Она поставила свечу на площадку лестницы и, так как он, шатаясь, спустился и рухнул на нижнюю ступеньку, спрыгнула, чтобы быть рядом с ним, и присела на корточки, с силой сжимая его безвольно опущенные руки.

— Послушай, ведь жизнь еще не ушла… Стряхни с себя это наваждение, и будем жить, будем жить вместе. Какое безумие — остаться вдвоем на свете, уже начать стариться и так мучить друг друга, не уметь быть счастливыми! Ведь и так земля возьмет нас слишком скоро! Ну давай же согреемся, будем жить, любить друг друга! Вспомни, как было в Беннекуре! Знаешь, о чем я мечтаю? Я хотела бы увезти тебя завтра же. Мы уедем подальше от этого проклятого Парижа, найдем где-нибудь тихий уголок, и ты увидишь, как я украшу твою жизнь, как сладко нам будет забыться в объятиях друг друга… Утром мы будем нежиться в большой постели, потом беззаботно бродить, радуясь солнышку.
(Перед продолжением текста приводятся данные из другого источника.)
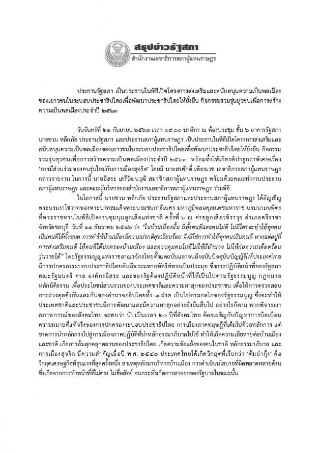 ประธานรัฐสภา เป็นประธานในพิธีเปิดโครงการส่งเสริมและสนับสนุนความเป็นพลเมืองของเยาวชนในระบอบประชาธิปไตยเพื่อพัฒนาประชาธิปไตยให้ยั่งยืน กิจกรรมรวมรุ่นยุวชนเพื่อการสร้างความเป็นพลเมืองประจำปี ๒๕๖๓
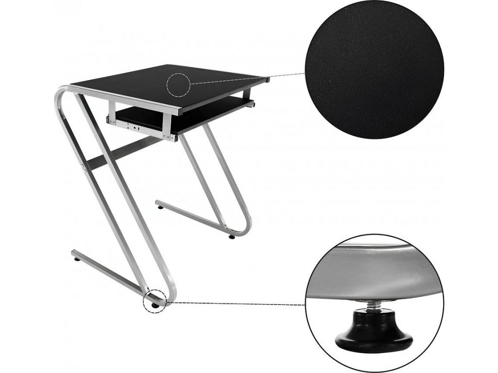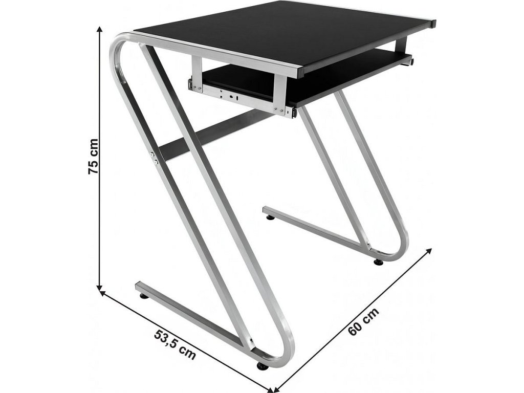 PC stůl s výsuvem na klávesnici, materiál: kov + MDF, provedení: černá + stříbrná, rozměry ŠxHxV: 60x53,5x75 cm.
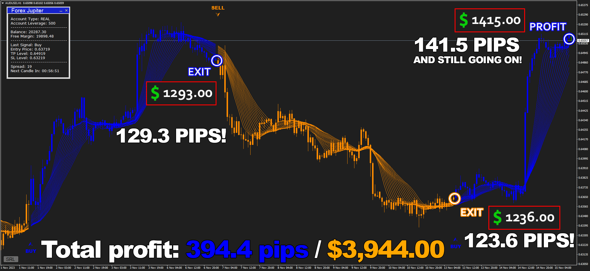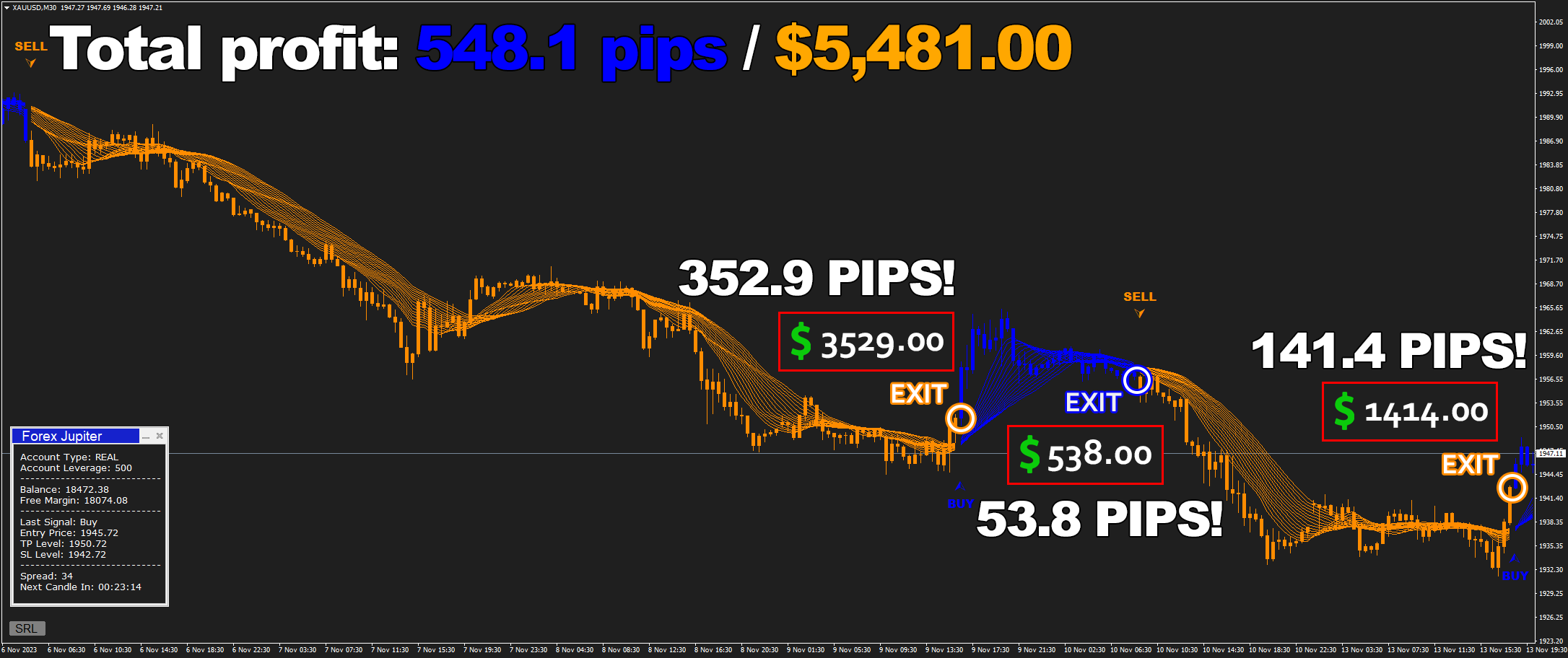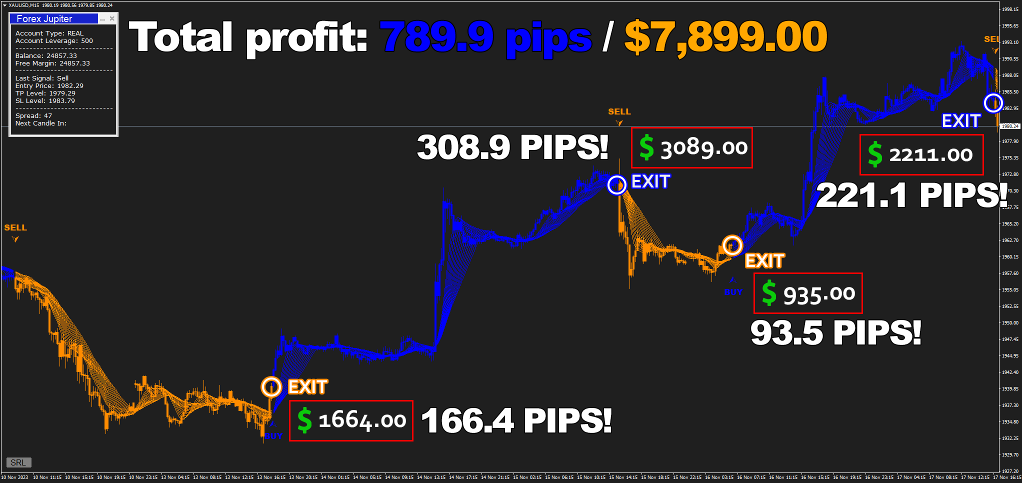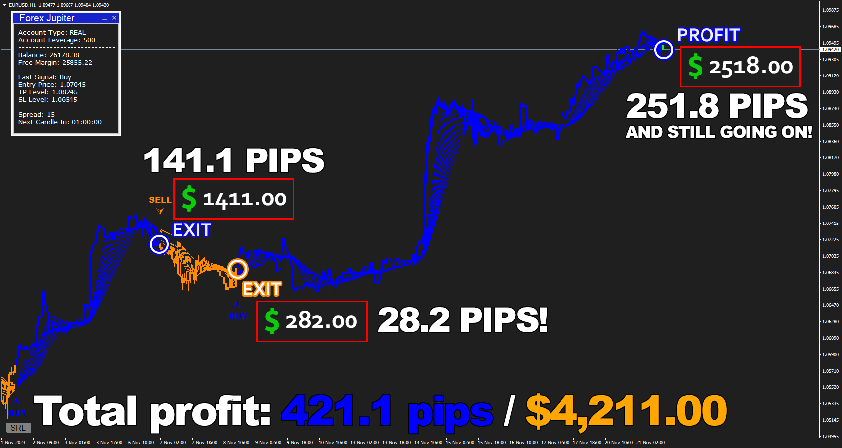 Forex Jupiter is incredibly beginner-friendly: It generates clear signals for you to follow, that come with highly accurate exit points and help you earn money - like $4,691.23 on M15 timeframe!
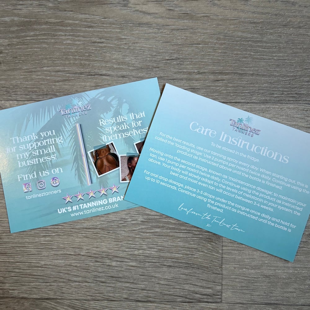 Perfect for showcasing your aftercare instructions, these premium A6 cards offer a sleek and professional finish. Printed on thick, high-quality 350 GSM silk paper, they’re ideal for including with product orders, beauty treatments, or client gifts.
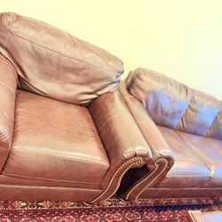 Brown Leather Sofa Set (2 Pieces) – Classic Nailhead Trim - Free Curbside Delivery!$450Hoffman Estates, IL
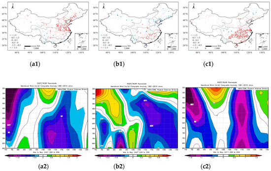 In 2001, nearly all stations over north and central China undergone a drought condition (SPI < −0.5), while many stations, covering the entire Huaihe river basin, northwest of the Yangtze river basin, southeast of the Yellow river basin and south of Haihe/Songliao river basin, have experienced an extreme drought (SPI < −1.5), as shown in Figure 2a1. Figure 2a2 displays the meridional wind composite anomaly between 25 °N–40 °N and 70 °E–135 °E. There are visible blue band ranging from 70 °E–90 °E in the higher atmosphere and 100 °E–125 °E in the lower atmosphere. As there are limited meteorological stations and the effect of meridional wind is also weaker on local weather due to high altitude over China in the region 70 °E–90 °E, the significant influence of weaker meridional wind that can also be detected comes from the range 100 °E–125 °E, where extreme drought prevails. The mechanism that weaker meridional wind led to lower precipitation is also apparent—less moisture is transferred by meridional wind from the south sea to land in the north.

А завтрак, который так вкусно пахнет, а праздные полуденные часы, а вечера у нашей лампы!.. И никаких мучений из-за химер, только наслаждение жизнью! Неужели тебе недостаточно того, что я тебя люблю, боготворю, что я согласна быть твоей служанкой, жить лишь для того, чтобы давать тебе наслаждение?.. Послушай, я тебя люблю, люблю! Все остальное не имеет значения. Разве тебе мало того, что я люблю тебя?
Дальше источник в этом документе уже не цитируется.